The apparatus 100 as described above is also useful for reactions other than, or synergistically in combination with, oxidative coupling of methane. For example, the apparatus 100 is amendable to produce hydrocarbons and/or oxygenates from various feed streams such as, without limitation, syngas streams, alkenes, alkynes, oxygenates, and nitrites. In addition, the apparatus 100 can be used for methane conversion to high valued products using multi-functional catalysts/reaction systems by oxidative coupling followed by capture and/or reaction of intermediates (such as ethylene) to remove the intermediates from the reaction environment and reducing their further reaction to undesirable complete oxidation products. This includes, but is not limited to, hydration/oxidation to oxygenates/ethanol, oxidation to acetic acid/esters, and oligomerization to alpha-olefins.

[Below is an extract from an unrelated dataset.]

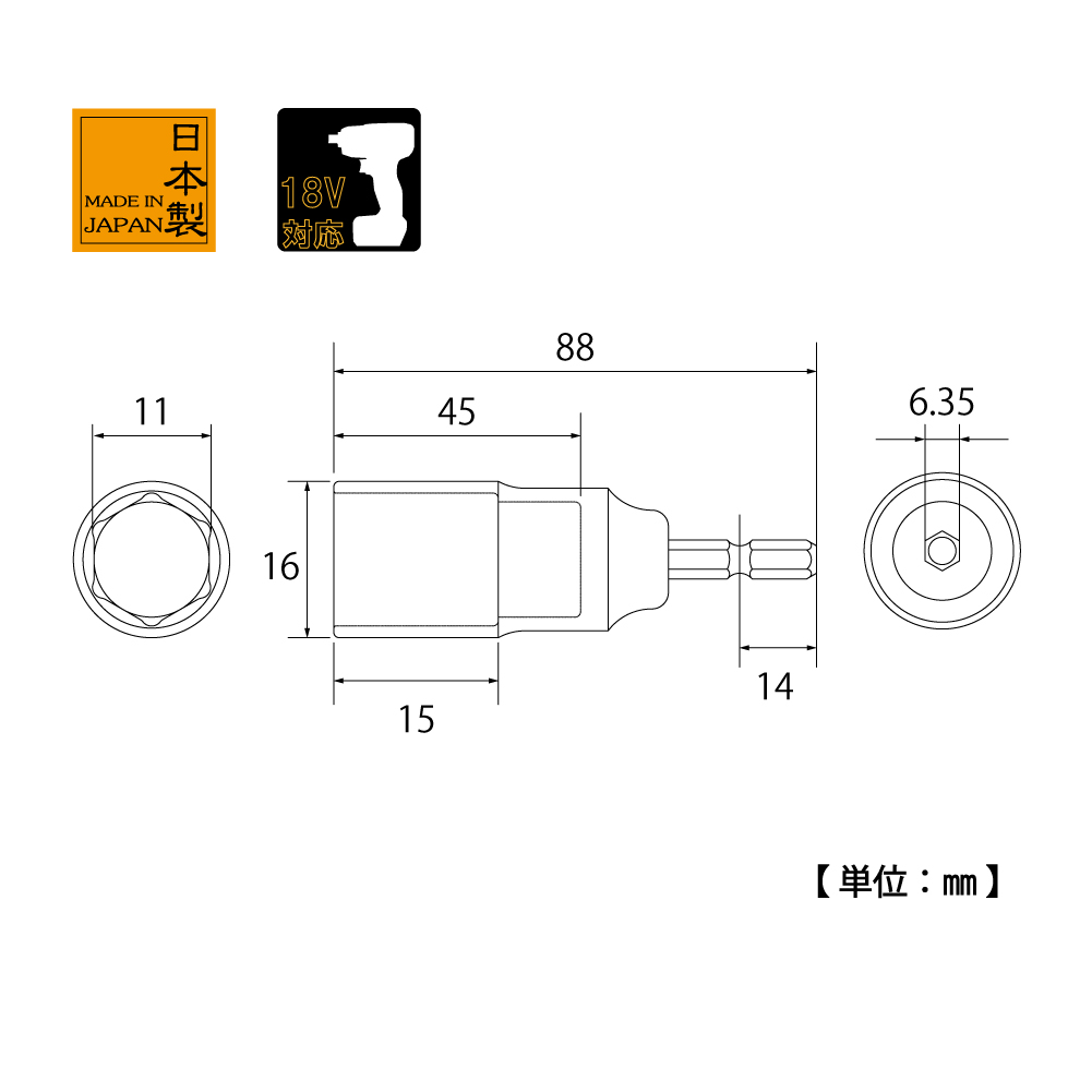 TOP Kogyo EDS-11C Compact Socket Bit (11mm) | EMIN.CO.TH

The apparatus 100 may be constructed from a metal or alloys, including Ni-based alloys, suitable for the temperature ranges of interest. The reactor may also be manufactured from a stainless steel and passivated with silica or other dense coating. The reactor may alternatively be manufactured from silicon carbide, glass or quartz. The interior passageways of the apparatus 100 may be coated to create desirable properties of the surfaces in the reactor, heat exchanger, and/or separation passageways. Formation of aluminide coating layers as described in WIPO Publication No. WO/05094983 may be conducted to prevent corrosion of materials of construction for the portion of the apparatus operated at high temperature. For purposes of the instant disclosure, WO/05094983 is incorporated by reference.

Referring to FIG. 3, an exemplary separation system is shown to minimize power consumption for the purification of methane in a fluid comprising methane and nitrogen. This thermally integrated system is operative to recuperate energy to an absorption-desorption cycle using ionic liquids. As shown in this figure, exemplary approach temperatures are 5 C. at each end of the unit and a larger 40 C. driving force is applied to assist with increasing the capacity difference for methane.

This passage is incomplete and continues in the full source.